Failure of a specific node in a cluster causes an infinite rebalance loop

Greetings,

I am using Couchbase Operator 1.2 to manage a Couchbase Enterprise-6.0.1 cluster in Google Kubernetes Engine. Currently I have a 5 node cluster with 2 index/data nodes and 3 everything else nodes. I have 5 buckets, one of which is a memcache, and each of these has 2 replicas. I have 7 indexes of varying complexity, each of which has 1 replica.

I have been testing node failure by deleting a server pod inside the Kubernetes cluster and letting the operator recreate the server and rebalance the cluster. If I remove one of the index nodes, the server pod is recreated, the persistent volume is reattached, the node is marked for delta recovery, and the rebalance runs to completion. The same is true for 2 of the “everything else” nodes. I can replace 4 of the 5 nodes,granted 1 at a time, without any significant issue or downtime.

However, if the server that fails is numbered 0000, the rebalance either gets stuck or fails and then continues to fail as the operator continues trying to rebalance the cluster. It doesn’t always get stuck at the same percentage of completion, I’ve seen it get to 70%, I’m currently watching a cluster that’s been stuck at 55% rebalanced for almost an hour for a 19MB database.

The database itself does continue to function, but if I lose another server while it is in this state, the cluster will never fully recover. I also have some evidence that backups are being prevented while the database is in this state but as yet I have not thoroughly tested that.
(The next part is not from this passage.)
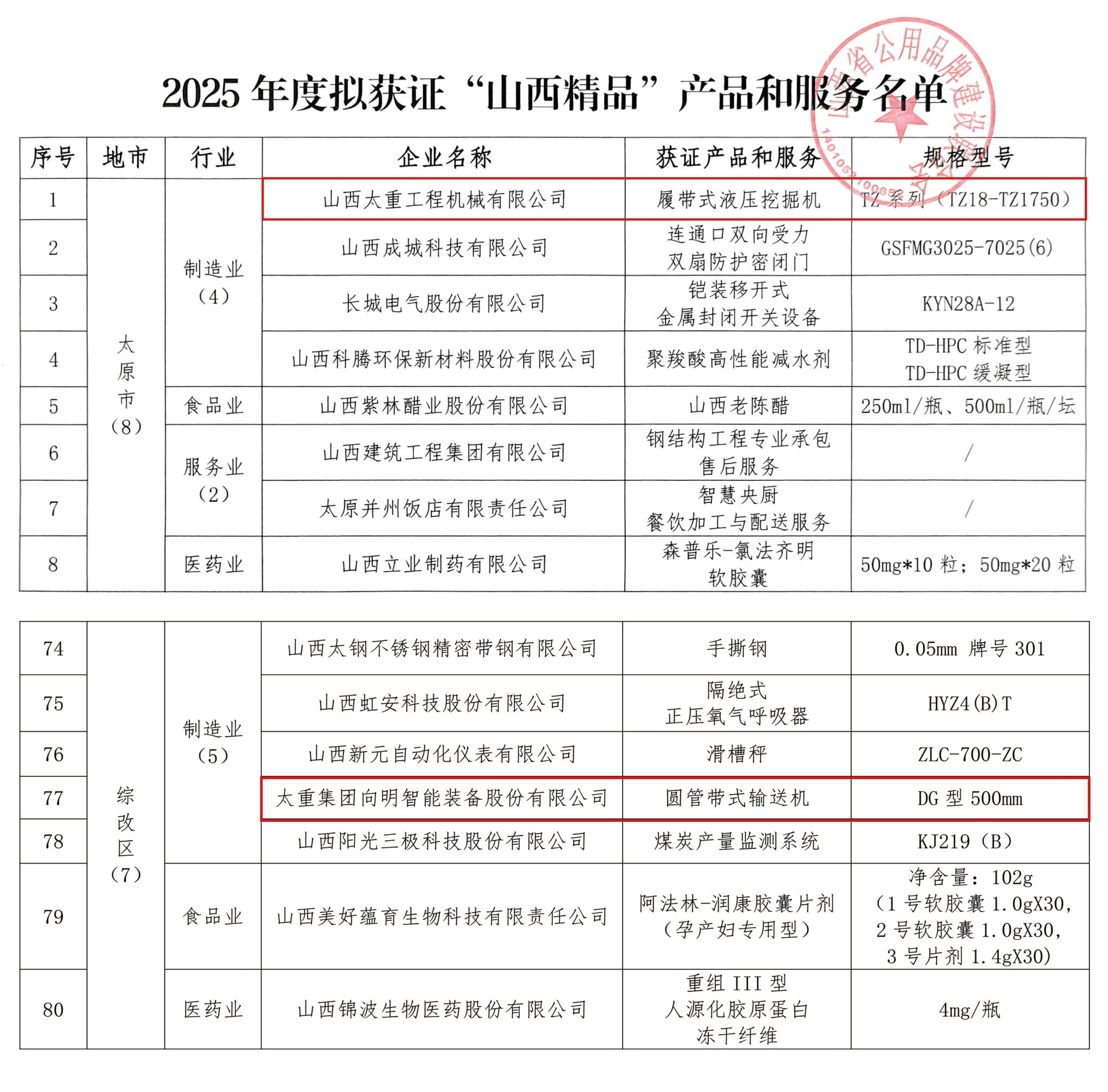 做强“山西精品”,擦亮“山西品牌”。近日,山西省公用品牌建设联合会公布了2025年度拟获证“山西精品”产品和服务名单。太重两款产品——履带式液压挖掘机和圆管带式输送机凭借过硬实力成功入选。这是继铸造起重机、城轨车轮后,太重产品再度获得该项荣誉。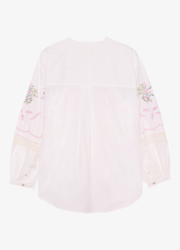 Sada Shirt har en løs, lige pasform og er lavet i økologisk bomuld fra SISSEL EDELBO. Den har lange ærmer med knappede, smalle manchetter og en o-halsudskæring med en smal standkrave, der lægger sig blidt omkring halsen. Den forreste stolpelukning er afsluttet med perlemorsknapper til lukning. Et bærestykke med en bokslæg midt bagpå giver en behagelig pasform, mens den buede kant blødgør silhuetten. Skjorten er dekoreret med poetisk broderi inspireret af en vintage dug og detaljeret med smukt blondebånd.

I would like to know what is causing this behaviour. I need to know how to recover from it.

Hi Tyrell,
Thanks for testing out the Operator, could you provide a capture of the logs from the cluster with rebalance hang?
Refer -> https://docs.couchbase.com/operator/1.2/cbopinfo.html
It’s not exactly clear to me if the operator and the k8s networking/dns has anything to do with this, or Couchbase itself. Thanks!

Hi Tommie,
I’ve uploaded the results of cbopinfo --collectinfo --system to DropBox:

Thanks!
I’m seeing some errors on the analytics node that I suspect to be the cause of rebalance hanging. Just after node 0001 goes down, node 0000 is reporting ‘failed to sync’ due to ‘connection refused’ and this continues even after node 0001 is recovered and during recovery attempt of 0000

2019-06-27T18:22:39.721Z ERRO CBAS.api.PartitionReplica [Executor-35:5d37cc4c1653513f42831000c5aa79a2] Failed to sync replica {"id":"0@cb-cluster-member-0001.cb-cluster-member.default.svc:9120","status":"CATCHING_UP"}
java.nio.channels.UnresolvedAddressException: null

I’ll pass this along to analytics team to have a look as well. Meanwhile I suggest trying without the analytics service and seeing that fixes issues with rebalancing.

Thank you for taking a look. I tried standing up the cluster with no analytics nodes, then I deleted node 0001 and it recovered and rebalanced, which I expected. Then I dropped node 0000 and it was able to complete a rebalance after that, so I think you may have hit the nail on the head there. I’m going to run a few more drop and rebuild tests overnight and I will let you know the results.

1 Like

Overnight I set the cluster to lose a node, wait for a rebuild, lose another node, etc until all 5 nodes had been recycled. Each time, the rebalance completed. The rebalance also completed faster with each iteration, which was unexpected. What I did notice that I’m a little nervous about is that the first rebalance took over 14 minutes on a database of less than 1000 items. To be fair, I’m new to Couchbase, so maybe that’s normal? Is that longer than you’d expect for such a tiny DB, or am I just jumping at shadows?

https://developer.couchbase.com/documentation/server/3.x/admin/Tasks/rebalance-questions.html

Rebalance speed is really tied to available resources like RAM/Network/disk speed. In your GKE setup, how many nodes do you have setup? You do have 4 CB buckets with two replicas. That means each rebalance would have to recreate 2048x4 vbuckets, so this initial “lag” could be tied to disk I/O.

Thanks Tim. I will try spinning the cluster up on SSDs to test this.
However, as we are using persistent disks, shouldn’t the delta recovery be preventing a bottleneck on disk IO?

I would allocate more RAM to the data nodes. I recall that you had a lot more free RAM per node. Delta recoveries typically are faster.